Маленький кадетик, которому поручены были шнурки от занавеса, объявил шепотом, что публика есть. На лавках, во мгле, действительно темнели фигуры, закутанные в тальмы.
Были и приезжие. Медынские гости и даже кавалеры: какой-то юнкер с толстенькой дубинкой и неприличной физиономией, несколько гимназистов-подростков и почтмейстер. Пришел тоже поврежденный пожилой офицер с белой собакой: он зиму и лето жил в Сосновке с тех пор, как от кутежей в ранней юности лишился языка и половины смысла.
Публика ждала терпеливо и прислушивалась к разговорам на сцене, тихим, быстрым, но ясным.
– Боже мой, Боже мой, – шептал голос Васютина, – что вы делаете? Ведь вы пианино-то поставили совершенно не на виду у публики, а за шалью; как же там Лариса Викентьевна будет играть свою мандолинату? Ведь она по пьесе должна ее на сцене играть.
И затем слышно было, как перетаскивали тяжелое пианино.
Наконец, уже в десять часов, раздался колокольчик, сопровождающийся сдержанным хохотом. Кадет за кулисами дернул за шнурок, занавесь, тяжко скручиваясь, поднялась.

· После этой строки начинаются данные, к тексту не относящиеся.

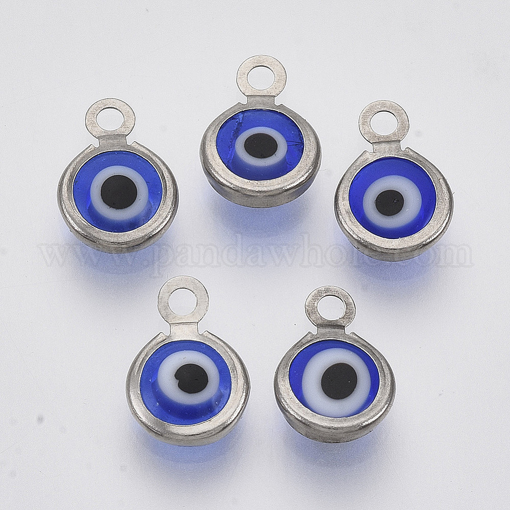 Прелести ручной работы бусины, с 304 фурнитурой из нержавеющей стали, плоские круглые с сглаза
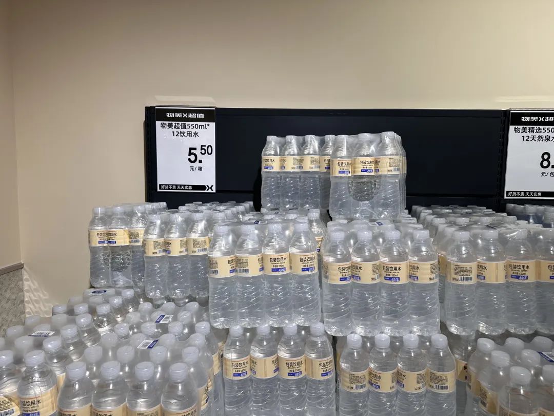 以瓶裝水為例,物美超值自營品牌飲用水5塊5一箱(12瓶),一瓶不到五毛錢。旁邊怡寶瓶裝水9塊8一提(12瓶),價格遠低于電商平臺,“水中貴族”百歲山在硬折扣商超也只要1塊9毛8。
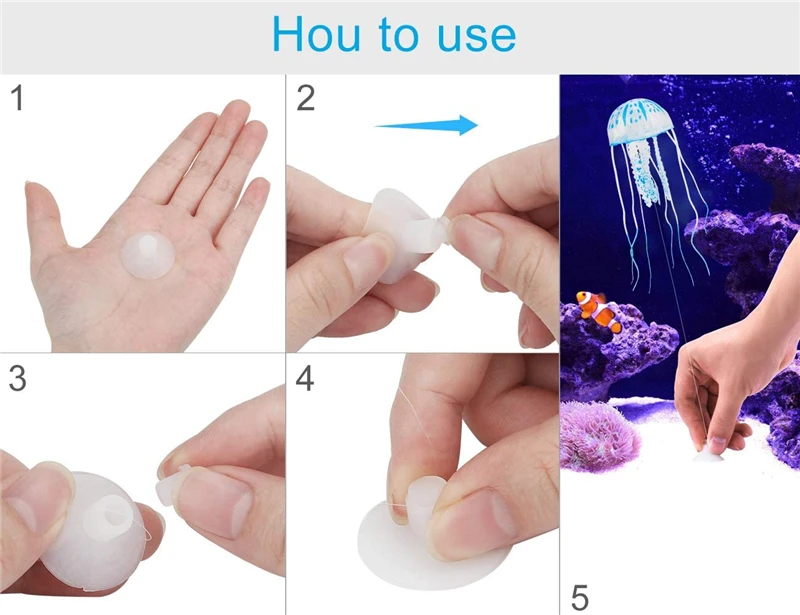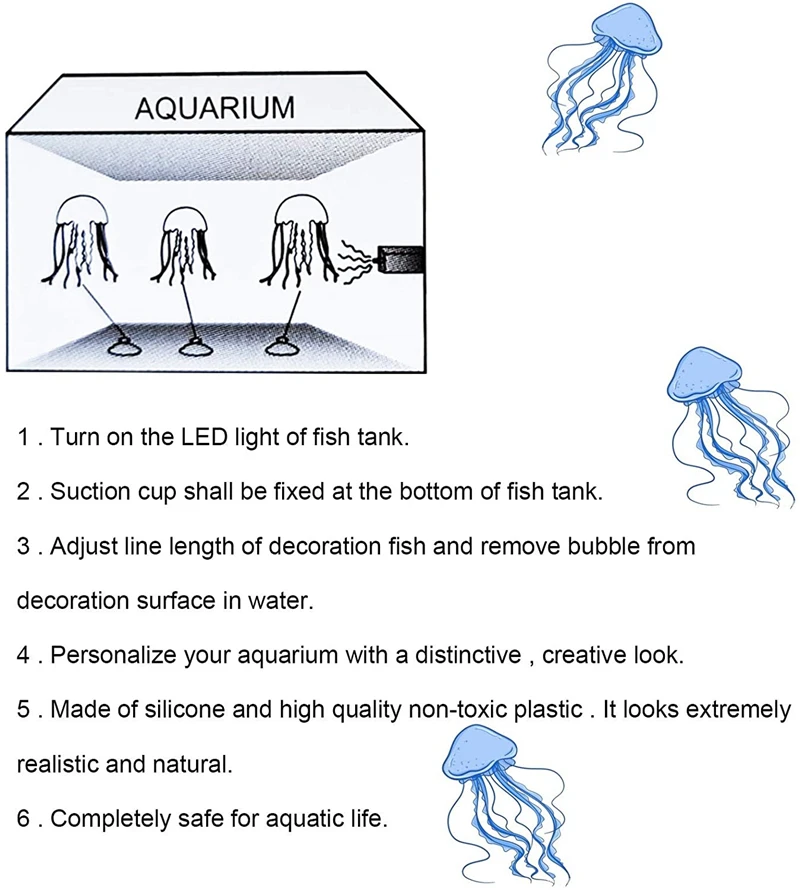 Идеальное Украшение: плавающая свободно и изящная невероятно детализированная имитация плавающая Медуза.Безвредный для вашей рыбы: Изготовлен из экологически чистого силикона, нетоксичный, без запаха и долговечный.Легко сделать его живым: просто Зафиксируйте присоске, она крепится тонкой невидимой линией.Не «светится в темноте»: светящийся эффект будет происходить только под actinic светильник ing, рекомендуется синий или фиолетовый светильник.6 видов цветов: 6 искусственных медуз синего, фиолетового, зеленого, оранжевого, розового и желтого цвета.

Катышкин в это время был на сцене, поправляя ламповый абажур; он зайцем выбежал вон, и некоторое время зрители любовались только ковром и креслами.
Наконец вышла разряженная вдова и стала неестественным голосом изображать девочку. Выбежало несколько барышень, и все они, неловко вертясь и поминутно оглядываясь на спрятанного за шалью суфлера, говорили неестественными голосами. Затем вышел Запалилов, который играл, не теряя своего достоинства, небрежно и слабо.
С кое-какими неловкостями пьеса дошла до конца. Снисходительные мамаши захлопали, а через четверть часа началась другая пьеса, в которой участвовало меньше барышень и Лара играла жену Запалилова.
Она, не подрумяненная, была бледна как смерть. Издали, на освещенной сцене, заметнее был недостаток ее фигуры – сутуловатая спина. Она играла порывисто, неумело, некрасиво и взволнованно. Каждое слово своей роли она повторяла добросовестно, явственно. Обвязав голову, как будто бы больного мужа полотенцем, она, как следовало по пьесе, подошла жеманно к нему проститься со словами:
– Ну, до свидания, негодный турка!
И эту глупую фразу она произнесла с таким старанием и отчетливостью, что и зрителям, и Запалилову стало не смешно, а неловко.
У нее был монолог в конце пьесы, где она весело уверяет мужа в своей любви и признается в разных хитростях, на которые она пускалась из ревности. Этот монолог должен был быть забавным по мысли автора, а у Лары он вышел какой-то странный, неловкий, не то трагический, не то скучный. Занавесь, готовая упасть по шнурку кадета, нависала все больше и больше, и под этой кривой занавесью, размахивая руками, Лара говорила слова пьесы, обращенные к Запалилову.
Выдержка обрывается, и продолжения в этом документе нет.